Items from a dataset

+++++

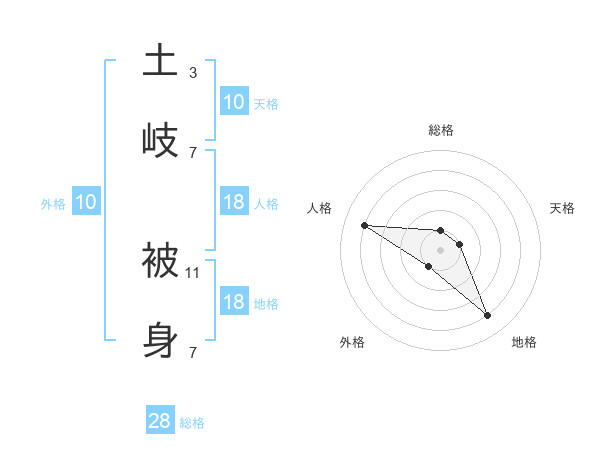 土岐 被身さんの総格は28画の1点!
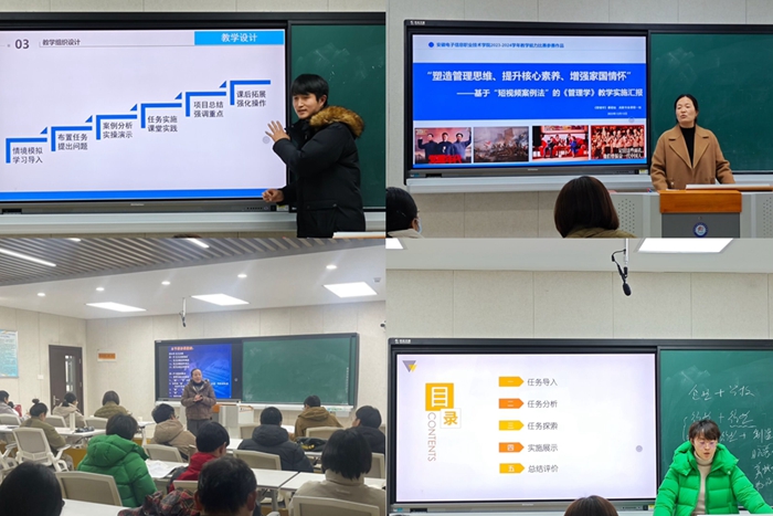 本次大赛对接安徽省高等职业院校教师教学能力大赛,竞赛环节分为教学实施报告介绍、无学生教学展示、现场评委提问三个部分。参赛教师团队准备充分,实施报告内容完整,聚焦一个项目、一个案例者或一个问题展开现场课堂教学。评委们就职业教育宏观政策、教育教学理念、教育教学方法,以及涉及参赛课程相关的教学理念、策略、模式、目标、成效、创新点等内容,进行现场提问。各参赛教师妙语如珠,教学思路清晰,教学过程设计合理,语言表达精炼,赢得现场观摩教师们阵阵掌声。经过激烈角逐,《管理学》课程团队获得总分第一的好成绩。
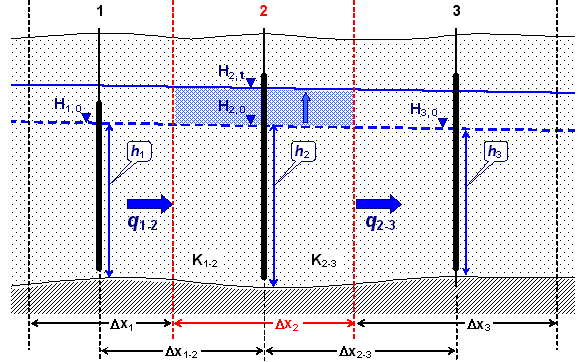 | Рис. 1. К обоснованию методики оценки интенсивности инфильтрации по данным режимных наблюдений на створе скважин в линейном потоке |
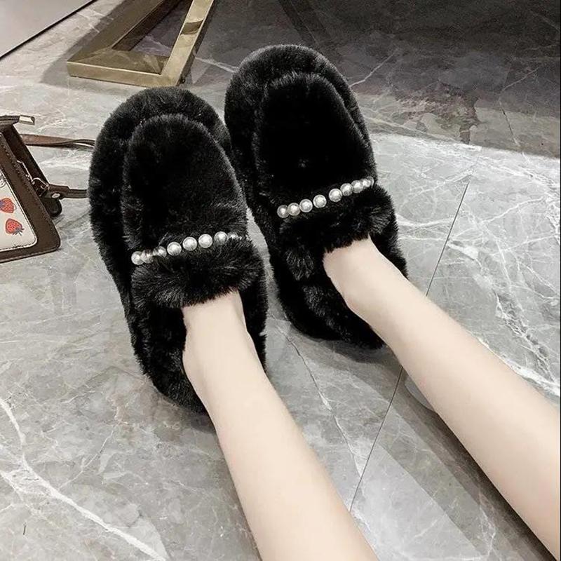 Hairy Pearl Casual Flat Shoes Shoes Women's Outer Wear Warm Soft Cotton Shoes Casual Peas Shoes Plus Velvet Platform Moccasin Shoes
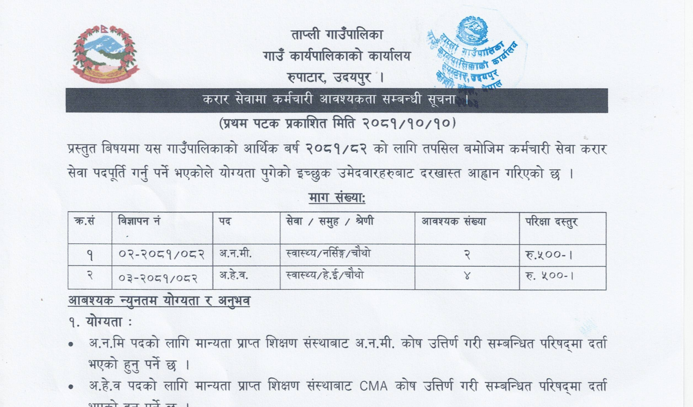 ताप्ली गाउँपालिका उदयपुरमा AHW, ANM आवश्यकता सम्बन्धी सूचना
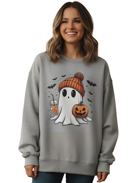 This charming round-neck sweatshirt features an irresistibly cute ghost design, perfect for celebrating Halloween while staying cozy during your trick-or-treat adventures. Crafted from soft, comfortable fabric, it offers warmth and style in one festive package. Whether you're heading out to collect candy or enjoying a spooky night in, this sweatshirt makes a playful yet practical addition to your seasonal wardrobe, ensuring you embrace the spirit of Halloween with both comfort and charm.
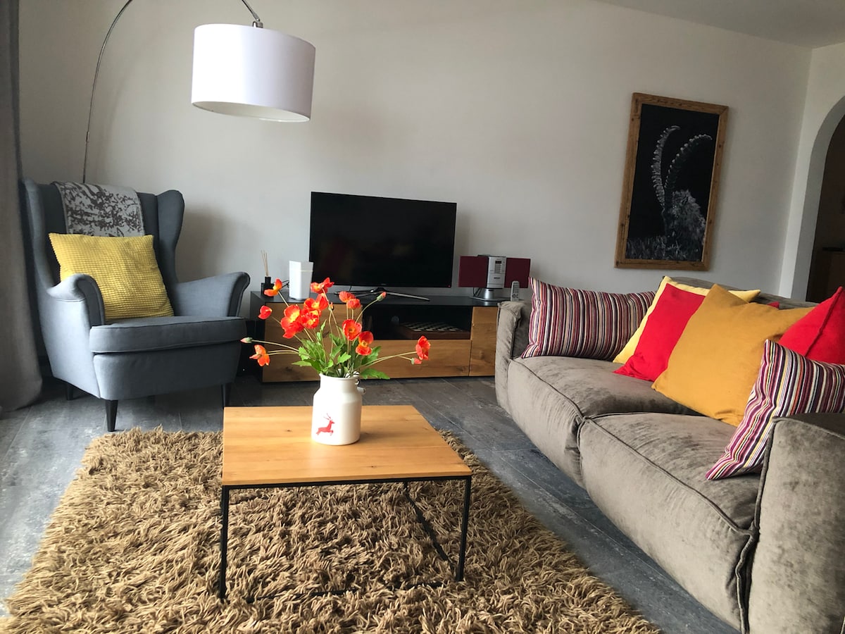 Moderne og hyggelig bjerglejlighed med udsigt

+++++

== What is being asked ==
Could every entry be restated word for word, pictures excluded?

== Exercise response ==
 土岐 被身さんの総格は28画の1点!
 本次大赛对接安徽省高等职业院校教师教学能力大赛,竞赛环节分为教学实施报告介绍、无学生教学展示、现场评委提问三个部分。参赛教师团队准备充分,实施报告内容完整,聚焦一个项目、一个案例者或一个问题展开现场课堂教学。评委们就职业教育宏观政策、教育教学理念、教育教学方法,以及涉及参赛课程相关的教学理念、策略、模式、目标、成效、创新点等内容,进行现场提问。各参赛教师妙语如珠,教学思路清晰,教学过程设计合理,语言表达精炼,赢得现场观摩教师们阵阵掌声。经过激烈角逐,《管理学》课程团队获得总分第一的好成绩。
 | Рис. 1. К обоснованию методики оценки интенсивности инфильтрации по данным режимных наблюдений на створе скважин в линейном потоке |
 Hairy Pearl Casual Flat Shoes Shoes Women's Outer Wear Warm Soft Cotton Shoes Casual Peas Shoes Plus Velvet Platform Moccasin Shoes
 ताप्ली गाउँपालिका उदयपुरमा AHW, ANM आवश्यकता सम्बन्धी सूचना
 This charming round-neck sweatshirt features an irresistibly cute ghost design, perfect for celebrating Halloween while staying cozy during your trick-or-treat adventures. Crafted from soft, comfortable fabric, it offers warmth and style in one festive package. Whether you're heading out to collect candy or enjoying a spooky night in, this sweatshirt makes a playful yet practical addition to your seasonal wardrobe, ensuring you embrace the spirit of Halloween with both comfort and charm.
 Moderne og hyggelig bjerglejlighed med udsigt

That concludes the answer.